Age-Specific Malaria Mortality Rates in the KEMRI/CDC Health and Demographic Surveillance System in Western Kenya, 2003–2010

  • Meghna Desai, 
  • Ann M. Buff, 
  • Sammy Khagayi, 
  • Peter Byass, 
  • Nyaguara Amek, 
  • Annemieke van Eijk, 
  • Laurence Slutsker, 
  • John Vulule, 
  • Frank O. Odhiambo, 
  • Penelope A. Phillips-Howard
PLOS
x

Abstract

Recent global malaria burden modeling efforts have produced significantly different estimates, particularly in adult malaria mortality. To measure malaria control progress, accurate malaria burden estimates across age groups are necessary.

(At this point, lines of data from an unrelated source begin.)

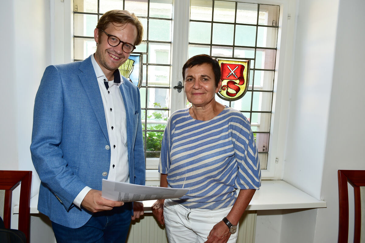 Andreas Pfeiffer (l.), Bürgermeister Stadt Senftenberg und Kathrin Winkler, Geschäftsführerin des Tourismusverbands Lausitzer Seenland.
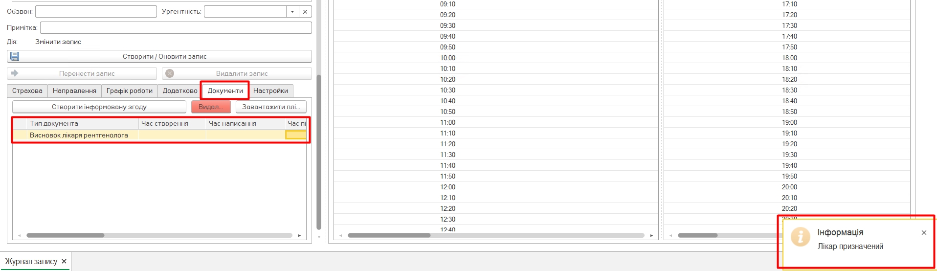 Після чого, в нижньому кутку Журналу запису з'явиться відповідне повідомлення про призначення лікаря та прикріпиться зазначений шаблон.
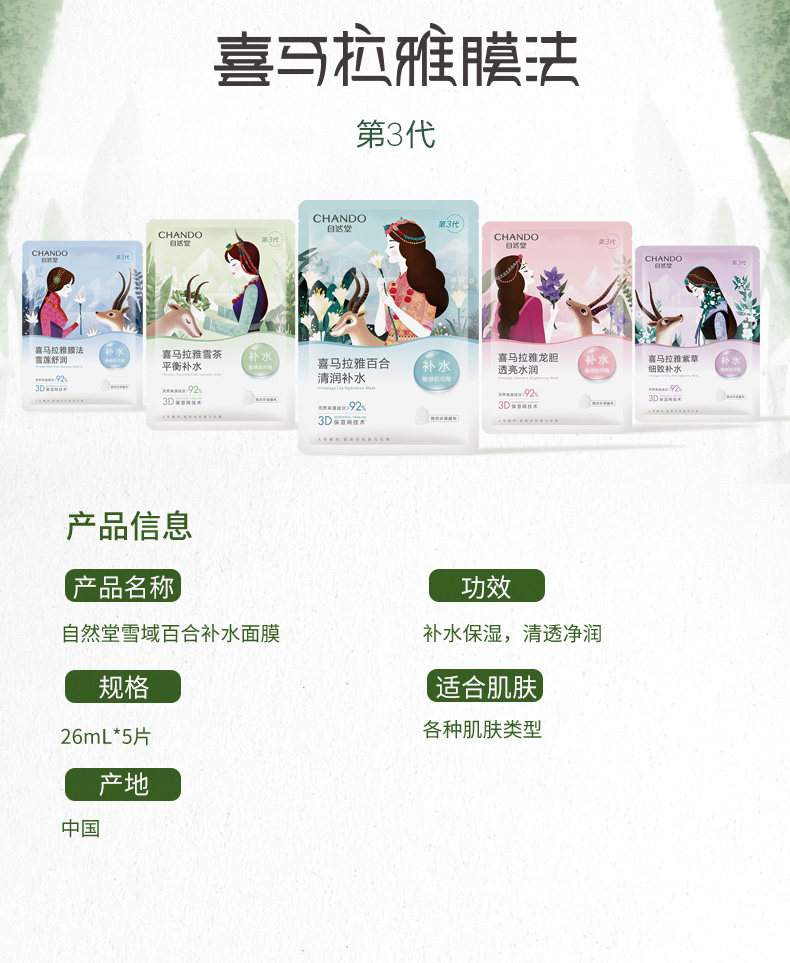 自然堂(CHANDO)雪域百合补水面膜26mL*5PCS*3盒(单位:盒) 白色
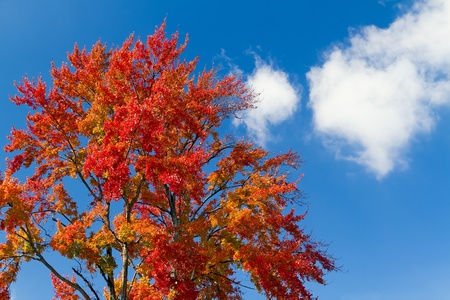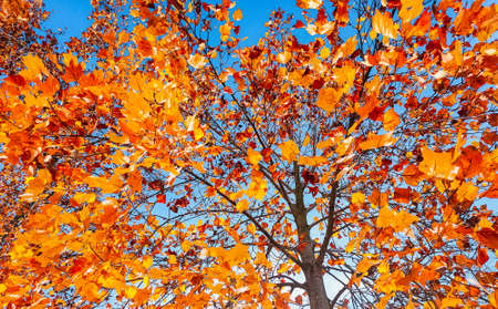 Autumn tree with nice and colorful orange leaves. Autumn maple leaves. Nature background in fall season.
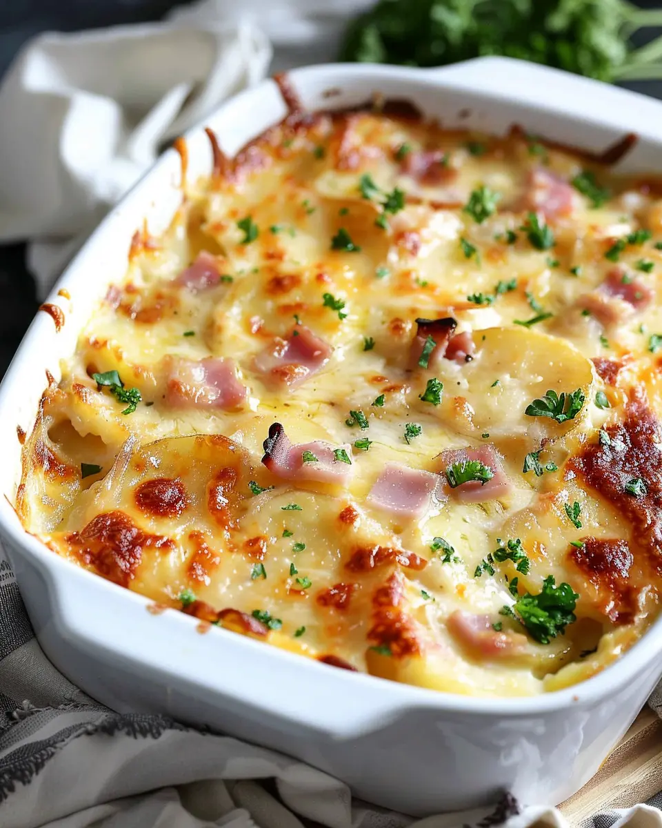 easy Au Gratin Potatoes and Ham: A Creamy Comfort Dish with Turkey Bacon
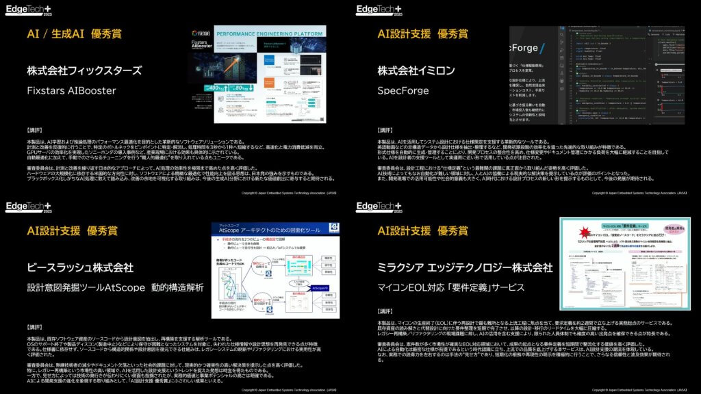 また、AI / 生成AI 優秀賞は、株式会社フィックスターズが、AI設計支援 優秀賞を株式会社イミロンとビースラッシュ株式会社、ミクラシア エッジテクノロジー株式会社が受賞しました。
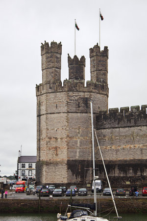 CAERNARFON, WALES - 29 SEPTEMBER 2013: Caernarfon Castle, well-known for its polygonal towers, dates from the 13th century. In 1969 Prince Charles was invested here as Prince of Wales by HM Queen Elizabeth II.
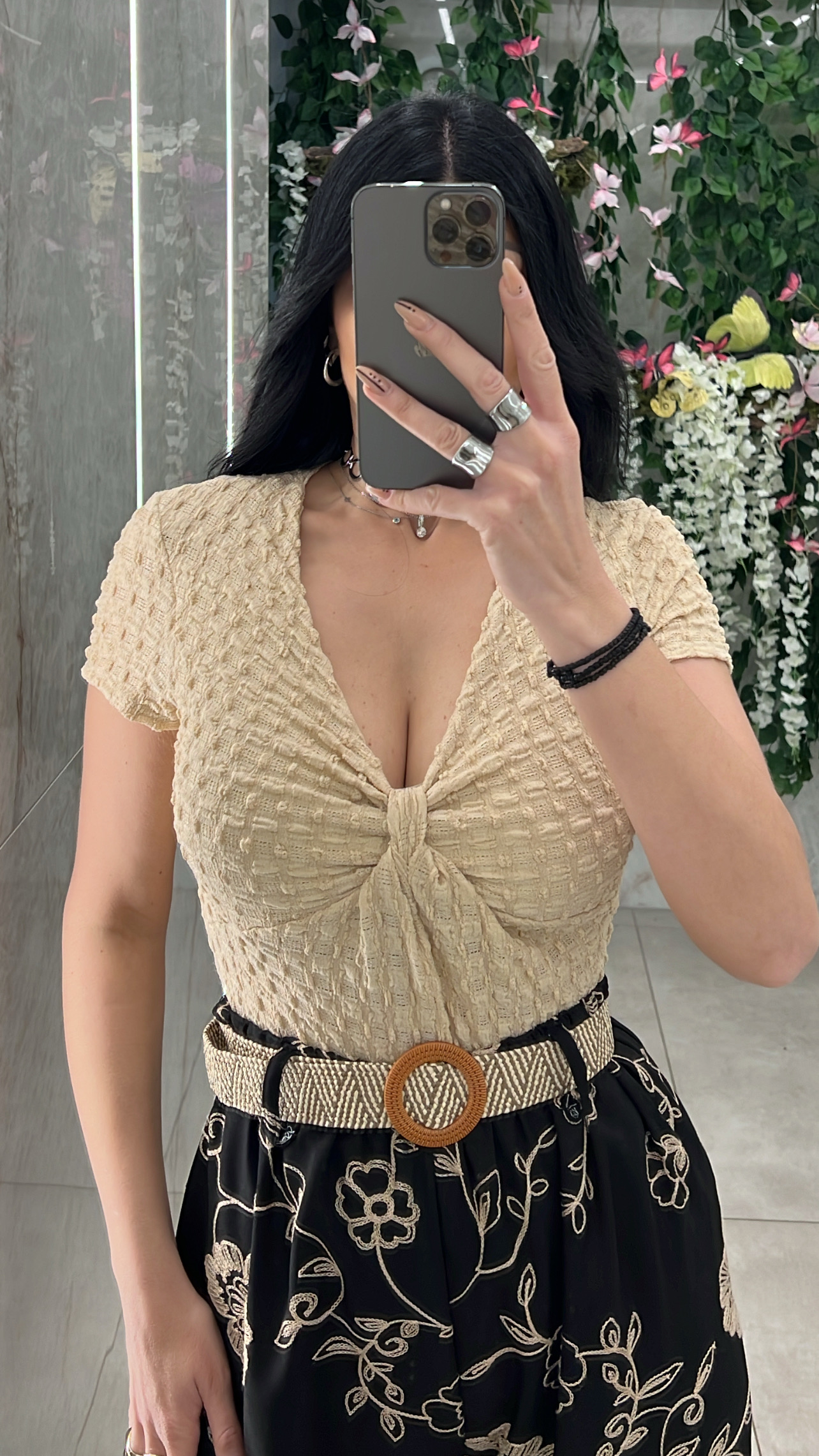 Μπλουζα κοντομάνικι που κανει κομπο στο στηθος .

We determined age-specific malaria mortality rates in western Kenya to compare with recent global estimates. We collected data from 148,000 persons in a health and demographic surveillance system from 2003–2010. Standardized verbal autopsies were conducted for all deaths; probable cause of death was assigned using the InterVA-4 model. Annual malaria mortality rates per 1,000 person-years were generated by age group. Trends were analyzed using Poisson regression. From 2003–2010, in children <5 years the malaria mortality rate decreased from 13.2 to 3.7 per 1,000 person-years; the declines were greatest in the first three years of life. In children 5–14 years, the malaria mortality rate remained stable at 0.5 per 1,000 person-years. In persons ≥15 years, the malaria mortality rate decreased from 1.5 to 0.4 per 1,000 person-years. The malaria mortality rates in young children and persons aged ≥15 years decreased dramatically from 2003–2010 in western Kenya, but rates in older children have not declined. Sharp declines in some age groups likely reflect the national scale up of malaria control interventions and rapid expansion of HIV prevention services. These data highlight the importance of age-specific malaria mortality ascertainment and support current strategies to include all age groups in malaria control interventions.

Introduction

During the past decade, malaria control interventions have been scaled up in Kenya and across sub-Saharan Africa. Accurate malaria burden estimates across time and age groups are necessary to measure progress and to focus programmatic interventions. Recent malaria burden estimates using different modeling approaches have led to different and controversial results, particularly in adults [1][5]. Murray and colleagues' findings, based in part on verbal autopsy estimates, suggest that the global proportion of malaria deaths in adults is almost always more than 40%, which is much higher than previous estimates of 10% [2], [3], [5].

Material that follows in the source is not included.